Whenever a deputy goes down, we wonder how it could have been prevented. We want to learn from it, so that it doesn't happen again, so that the deputy's death wasn't in vain. In the case of Dep. Paul Rein, we can debate forever about whether, at 76, he was too old to be transporting hardened criminals. And the talk about changing transport policy is well and good, but the fact will always remain that had Rein not apparently followed his own kind instincts rather than follow department procedures, Michael Mazza never would have had the chance to kill.

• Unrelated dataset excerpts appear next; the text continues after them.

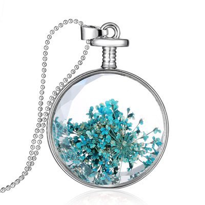 Turquoise daisies are arranged delicately in between sheets of oval crystal glass that shine and glimmer as the charm swings from the necklace. The charm is reinforced by silver plating that strengthens and adds a stylistic sense of beauty.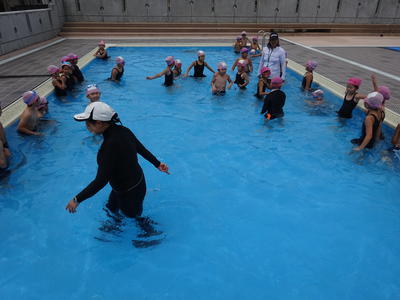 夏休み中のプール開放の際には入水した1年生もいましたが、学年のみんなで授業としてプールに入ったのは、今日が初めてです。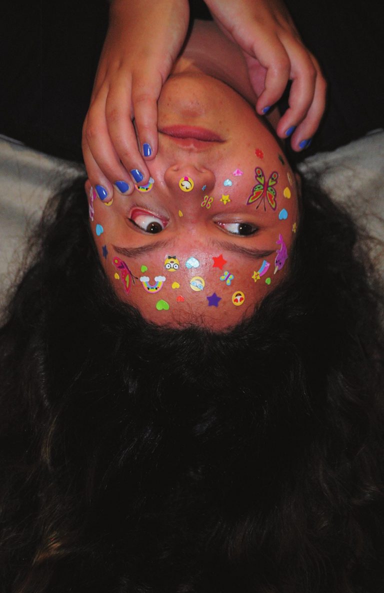 This image was the reference photo DCHS student Josephina Cox used for her self portrait she painted that features her upside down and decorated with stickers. [SUBMITTED PHOTO]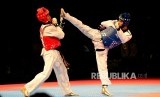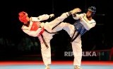 REPUBLIKA.CO.ID, KUALA LUMPUR -- Atlet Taekwondo putra Indonesia Reinaldi Atmanegara bertarung dengan atlet Thailand Ramnarong Sawekwiharee pada nomor nomor kyorugi putra 54Kg Taekwondo SEA Games 2017 Kuala Lumpur di KLCC, Malaysia, Senin (28/8).
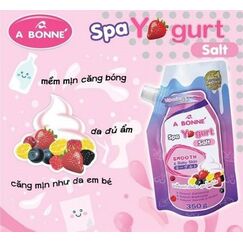 المنتج: A Bonne Spa Yogurt Salt (ملح سبا الزبادي من A Bonne). التركيز/المكونات النشطة: الزبادي (اللبن) وفيتامين B3. الوزن الصافي: 350 جرام (350 g) . الخاصية الرئيسية: بشرة ناعمة وطفولية (SMOOTH & Baby Skin / سوتو يوغورت) . الفوائد الملحوظة: تقشير طبيعي (Natural Exfoliating) . تفتيح طبيعي (Natural Brightening) . نعومة طبيعية وإشراق (Natural Smooth & Radiant) . الشهادة: حاصل على Superbrands 2012-2013.

This horrible event, however, does shed light on one surely wasteful and dangerous reality: BSO transports about 400 inmates from the Pompano jails to the downtown courthouse each day. The sheer number of transports notches up the odds that a tragedy would occur sooner or later. And the waste in manpower, vehicles, gasoline, etc. is troubling on its face.

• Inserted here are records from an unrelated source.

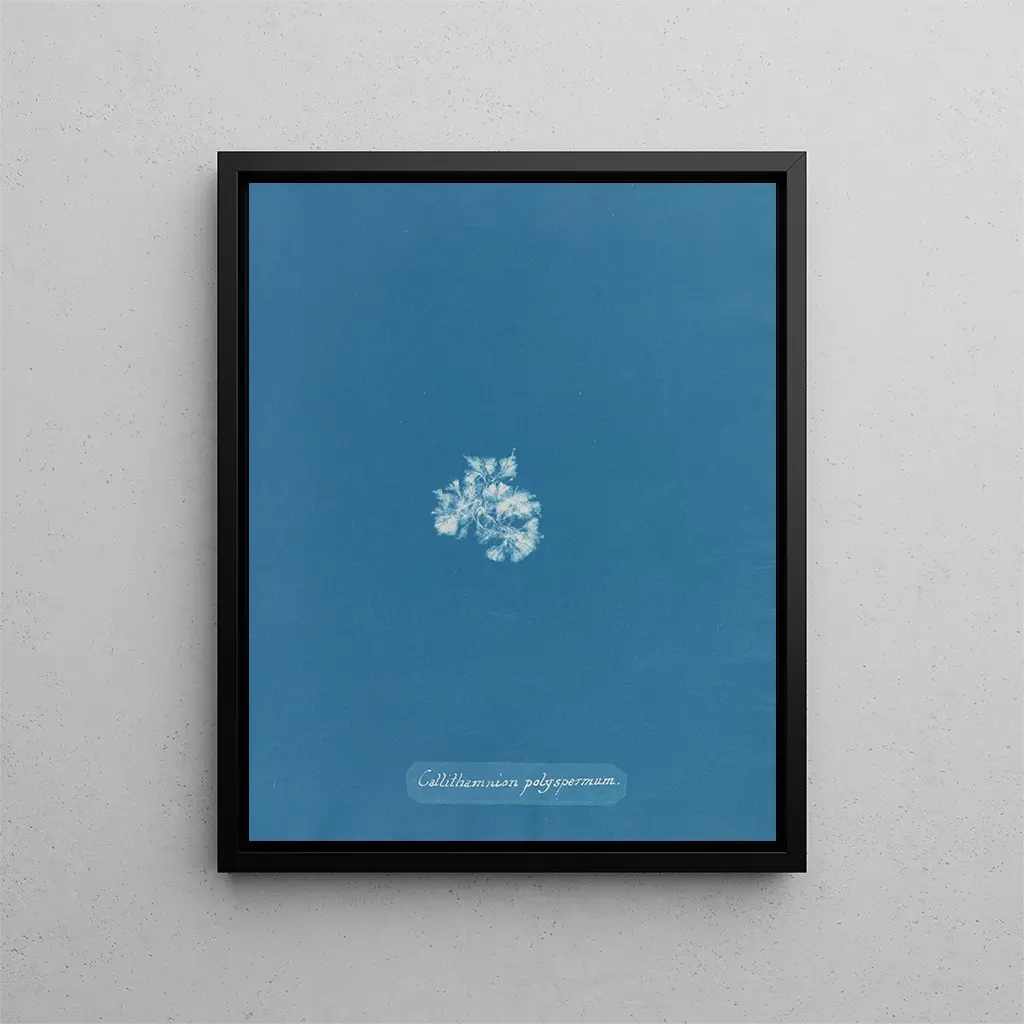 Reproduktion Callithamnion polyspermum - Anna Atkins – Introduktion fängslande I en värld där naturen och konsten möts på ett nytt sätt, utmärker sig verket "Callithamnion polyspermum" av Anna Atkins genom sin delikata skönhet och vetenskapliga precision. Denna ikoniska del, som är en av de första botaniska fotografiska illustrationerna, för oss in i en värld där vetenskap och estetik vävs samman. Genom denna avbildning av alger fångar Atkins inte bara en enkel bild; hon immortaliserar den marina livets skörhet och komplexitet. När man betraktar detta verk bjuds man in att utforska djupen av en ofta okänd värld, där varje detalj berättar en historia. Stil och unikhet i verket Anna Atkins stil präglas av ett innovativt tillvägagångssätt som förenar fotografi och illustration. Verket "Callithamnion polyspermum" kännetecknas av en klarhet och precision som avslöjar en imponerande teknisk skicklighet. Algerna, presenterade med en nästan vetenskaplig noggrannhet, verkar sväva på papperet och ger en känsla av lätthet och transparens. Nyansen av blått och grönt, typisk för den marina världen, ger denna konstverk en lugnande atmosfär samtidigt som den antyder djupet i haven. Atkins använder cyanotypetekniken, en metod för fotografisk tryckning som gör det möjligt för henne att skapa förtrollande bilder där skugga och ljus möts för att ge liv åt organiska former. Detta verk överskrider den enkla avbildningen; det blir en meditation över naturens skönhet och dess förgänglighet. Konstnären och dess inflytande Anna Atkins, pionjär inom botanisk fotografi, banade väg för en ny form av konst som förenar vetenskap och kreativitet. Född 1799 var hon en av de första kvinnorna att göra sig ett namn inom fotografins område, vid en tid då denna praktik fortfarande var i sin linda. Hennes verk, särskilt "Callithamnion polyspermum", vittnar om hennes engagemang för vetenskap och natur. Som botanist bidrog hon till dokumentationen av växtarter, samtidigt som hon använde sin konst för att öka allmänhetens medvetenhet om naturens skönhet och mångfald. Hennes inflytande består än idag, och inspirerar många samtida konstnärer som söker utforska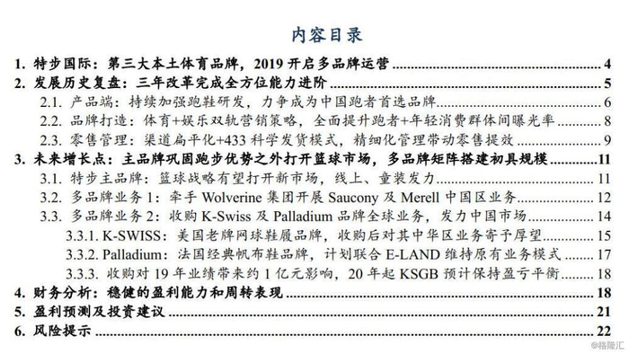 3)新品牌培育的风险:未来18-24个月将对K-SWISS进行全新定位后启动中国市场销售,由于K-SWISS此前缺少服装品类产品、同时国内认知度需要进一步培育,令需兼顾原有K-SWISS及Palladium全球业务,对公司运营能力提出更高要求。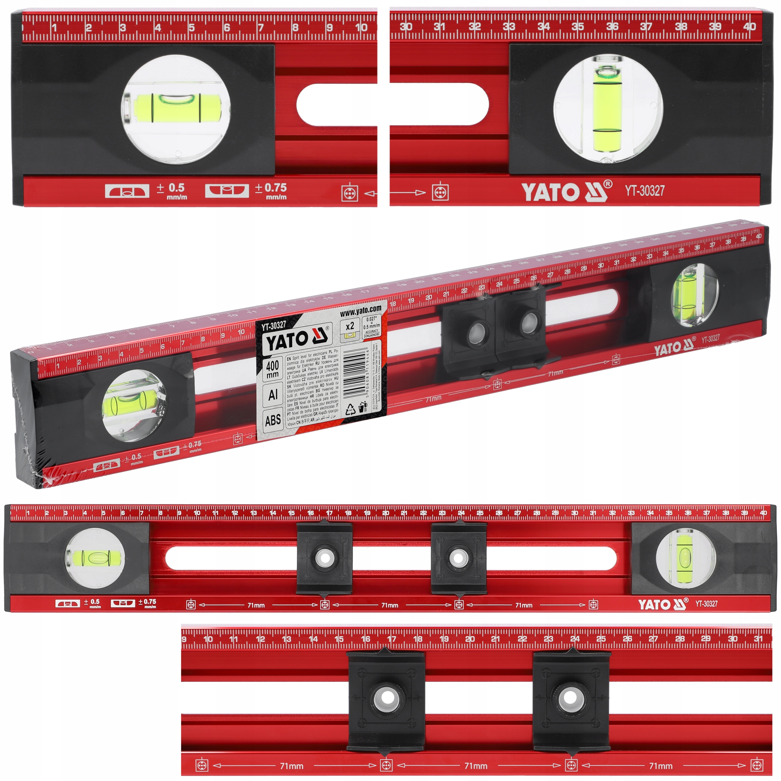 Poziomnica 40cm dla elektryków YATO pozwalająca na szybki i precyzyjny pomiar, wyrównywanie i znakowanie.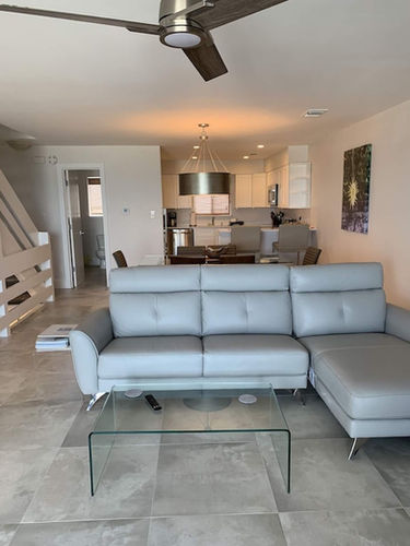 The spacious first level of this home has tile flooring and contemporary furnishings in an open concept living, dining, kitchen area, along with a half bath. The living room has barrel swivel chairs with an ottoman, a sectional sofa, and a 60" smart TV. The open deck off the living room has plenty of seating where you'll enjoy the panoramic gulf views and stunning sunsets unique to this part of the Cape. There is also a gas grill for your convenience.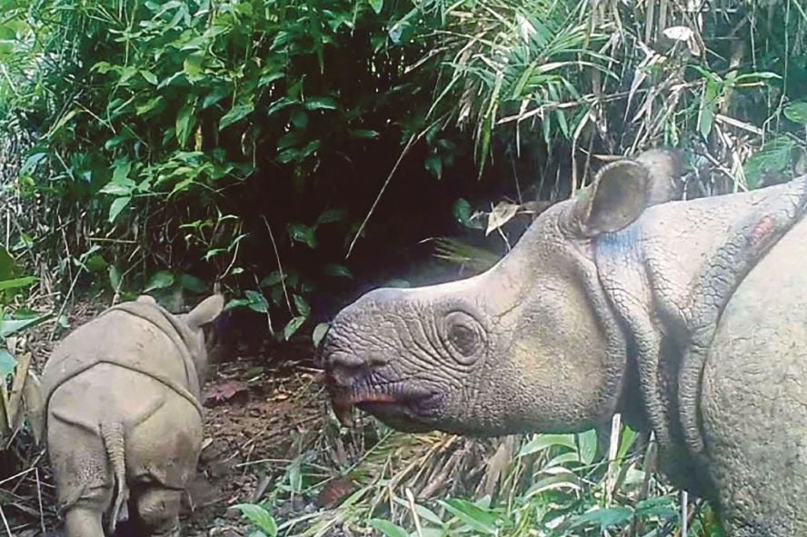 កូនសត្វរមាសចាវ៉ានដែលគេមិនទាន់ស្គាល់ភេទមួយក្បាលនេះ ត្រូវបានគេឃើញដើរជាមួយមេរមាសនៅក្នុងឧទ្យានជាតិ ដែលជាជម្រកព្រៃចុងក្រោយបង្អស់របស់សត្វរមាសចាវ៉ាន។

The system is absurd. The bulk of Broward inmates are in Pompano, yet all the court facilities are in downtown. That doesn't stop the downtown greedheads from pushing the construction of a new $400 million court tower downtown, a move that would just perpetuate the waste and the danger. The county commission, which is too close to developers and lobbyists, is sold on the idea. I wrote about the propaganda campaign for the new courthouse two weeks ago. From the article:

The place for a new courthouse might not even be downtown. Gelin suggests that it may be a better idea to build a court complex in Pompano Beach, where many inmates are housed in jails. It would certainly be more efficient.

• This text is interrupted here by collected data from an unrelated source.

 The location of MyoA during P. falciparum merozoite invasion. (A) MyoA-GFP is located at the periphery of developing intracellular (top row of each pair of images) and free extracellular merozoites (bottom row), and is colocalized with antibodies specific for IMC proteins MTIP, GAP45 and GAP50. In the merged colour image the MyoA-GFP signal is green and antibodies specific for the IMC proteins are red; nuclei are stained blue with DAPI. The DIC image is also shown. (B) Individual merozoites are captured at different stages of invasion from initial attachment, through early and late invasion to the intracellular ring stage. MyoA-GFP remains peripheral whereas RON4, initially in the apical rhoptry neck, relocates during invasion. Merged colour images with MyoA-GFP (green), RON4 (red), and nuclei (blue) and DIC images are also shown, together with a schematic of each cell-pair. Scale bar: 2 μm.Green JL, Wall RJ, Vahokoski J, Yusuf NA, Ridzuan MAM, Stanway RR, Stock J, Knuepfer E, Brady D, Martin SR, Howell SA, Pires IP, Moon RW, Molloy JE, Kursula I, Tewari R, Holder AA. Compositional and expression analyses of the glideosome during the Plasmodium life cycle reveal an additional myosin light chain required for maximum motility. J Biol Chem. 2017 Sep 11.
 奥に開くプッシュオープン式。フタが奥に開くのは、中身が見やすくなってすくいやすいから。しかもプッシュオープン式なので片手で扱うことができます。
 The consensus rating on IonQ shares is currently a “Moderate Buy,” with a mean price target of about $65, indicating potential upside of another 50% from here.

That would be JAABlog's Bill Gelin, who weighs in on the issue today on JAABlog. Here's his argument:

1. Eliminate, or seriously decrease, nearly all of the security and transport issues currently plauging BSO, in addition to saving the current enormous transportation expenditures.

2. Cheap land, which may already be owned by the County. Construction costs would also be faster and cheaper than building downtown, in addition to the millions saved on land costs.

3. Complex could include additional jail space, since Broward is unlikely to fix its ongoing jail overcrowding issues, thereby killing two birds with one stone.

4. Central location: near the Turnpike and 95, easily accessible by jurors and workers alike, unlike downtown.

5. No downtown parking problems and costs.

6. The low-income surrounding areas would benefit from new jobs, and development would occur to service the new facility (restaurants, offices, etc.).

7. New office space for the State Attorney, the Public Defender, the Clerk’s criminal divisions, Judges, and the new Conflict Office would free tons of space downtown for new courtrooms.

8. Safer, more efficient, and quicker administration of justice.

The downtown courthouse would still be active -- the criminal court duties would just be split up in a smarter, safer, cheaper, and more productive way. It's time to attack this issue with good sense rather than let the special interests do the talking. Too bad it may have taken a good man's death to truly bring the problem to light.